GHB temporarily inhibits the release of dopamine in the brain. This may cause increased dopamine storage, and later increased dopamine release when the GHB influence wears off [Chin and Kreutzer, 1992]. This effect could account for the middle-of-the-night wakings common with use of higher GHB doses, and the general feelings of increased well-being, alertness and arousal the next day.
GHB also stimulates pituitary growth hormone (GH) release. One methodologically rigorous Japanese study reported nine-fold and sixteen-fold increases in growth hormone 30 and 60 minutes respectively after intravenous administration of 2.5 grams of GHB in six healthy men between the ages of twenty-five and forty [Takahara, 1977]. GH levels were still seven-fold higher at 120 minutes. The mechanism by which GHB stimulates growth-hormone release is not known. Dopamine activity in the hypothalamus is known to stimulate pituitary release of growth hormone, but GHB inhibits dopamine release at the same time that it stimulates GH release. This suggests that GHB’s GH-releasing effect takes place through an entirely different mechanism [Takahara, 1977]. At the same time GH is being released, prolactin levels also rise. Serum prolactin levels increase in a similar time-dependent manner as GH, peaking at five-fold above baseline at 60 minutes [Takahara, 1977]. This effect, unlike the release of GH, is entirely consistent with GHB’s inhibition of dopamine. Other compounds which lessen dopamine activity in the brain (such as the neuroleptic Thorazine) have been shown to result in prolactin release. Although prolactin tends to counteract many of the beneficial effects of GH, the sixteen-fold increases in GH probably overwhelm the five-fold increases in prolactin.
GHB induces “remarkable hypotonia” (muscle relaxation) [Vickers, 1969]. It is now gaining popularity in France and Italy as an aid to childbirth. GHB causes “spectacular action on the dilation of the cervix,” decreased anxiety, greater intensity and frequency of uterine contractions, increased sensitivity to oxytocic drugs (used to induce contractions), preservation of reflexes, a lack of respiratory depression in the fetus, and protection against fetal cardiac anoxia (especially in cases where the umbilical cord wraps around the fetus’ neck) [Vickers, 1969; Laborit, 1964]. GHB is completely metabolized into carbon dioxide and water, leaving absolutely no residue of toxic metabolites [Vickers, 1969; Laborit, 1972]. Metabolism is so efficient that GHB can no longer be detected in urine four to five hours after it is taken by injection [Laborit, 1964]. GHB activates a metabolic process known as the “pentose pathway” which plays an important role in the synthesis of protein within the body [Laborit, 1972]. It also causes a “protein sparing” effect [Laborit, 1964] which reduces the rate at which the body breaks down its own proteins. These properties, along with GHB’s effect on growth hormone, underlie its common use as an aid to muscle-building and fat loss.

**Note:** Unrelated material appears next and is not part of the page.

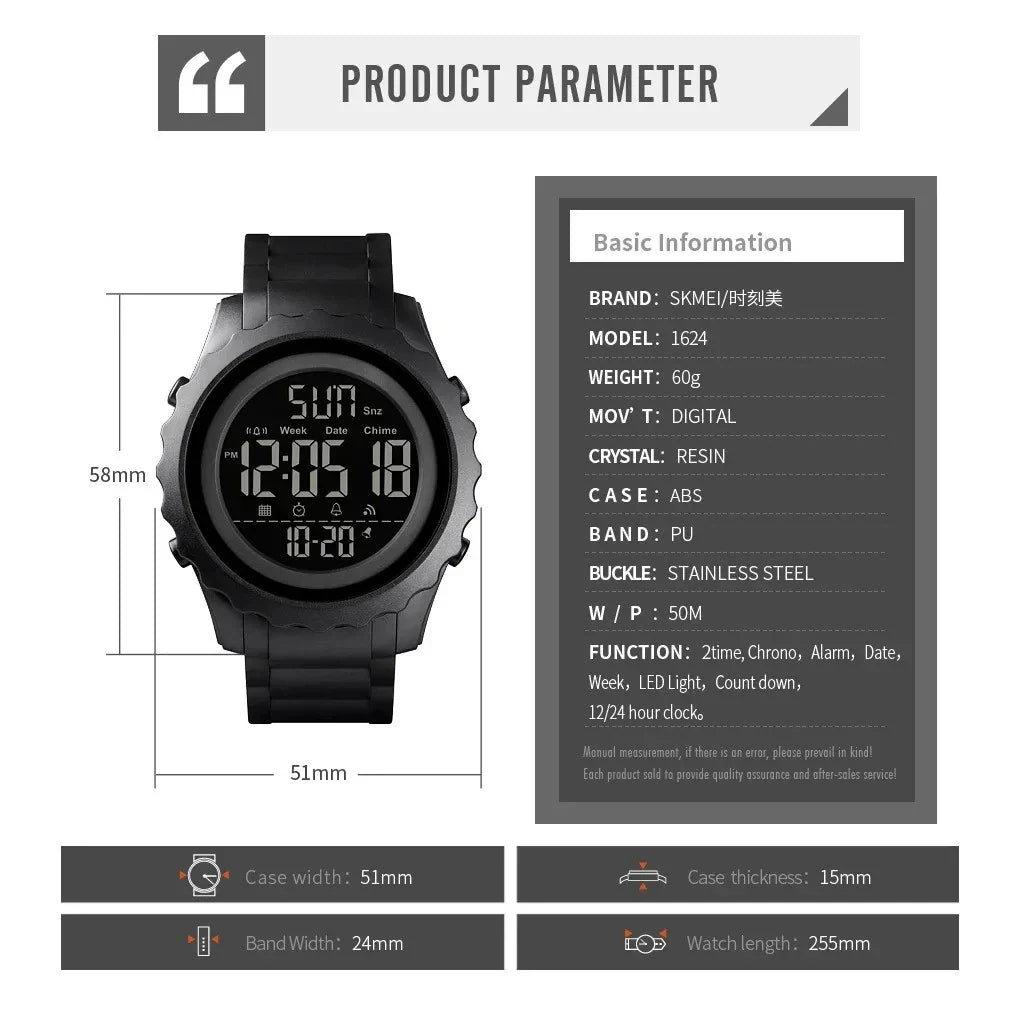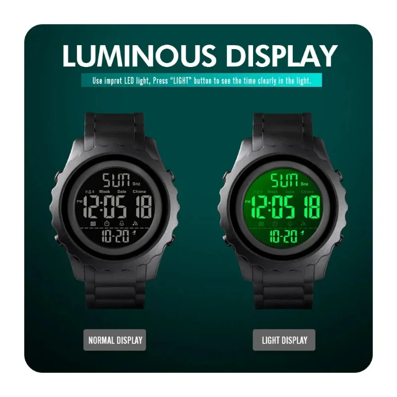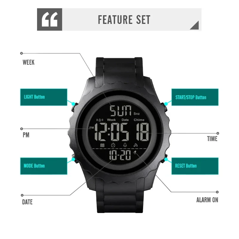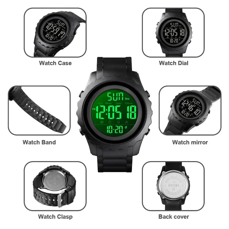 ابقَ على المسار الصحيح مع ساعة SKMEI 1624 الرياضية للمغامرات. تتميز بتصميم مموه أخضر، ومؤقت عد تنازلي، وشاشة LED، مما يجعلها مثالية لعشاق الأنشطة الخارجية. بفضل بنيتها المتينة ودقتها في تحديد الوقت، يمكنك خوض أي مغامرة بثقة.

Anesthetic (large) doses of GHB are accompanied by a small increase in blood sugar levels, and a significant decrease in cholesterol. Respiration becomes slower and deeper. Blood pressure may rise or fall slightly, or remain stable, but a moderate bradycardia (slowing of the heart) is consistent [Vickers, 1969; Laborit, 1964]. A slight drop in body temperature also occurs [Laborit, 1964].
GHB also stimulates the release of acetylcholine in the brain [Gallimberti, 1989].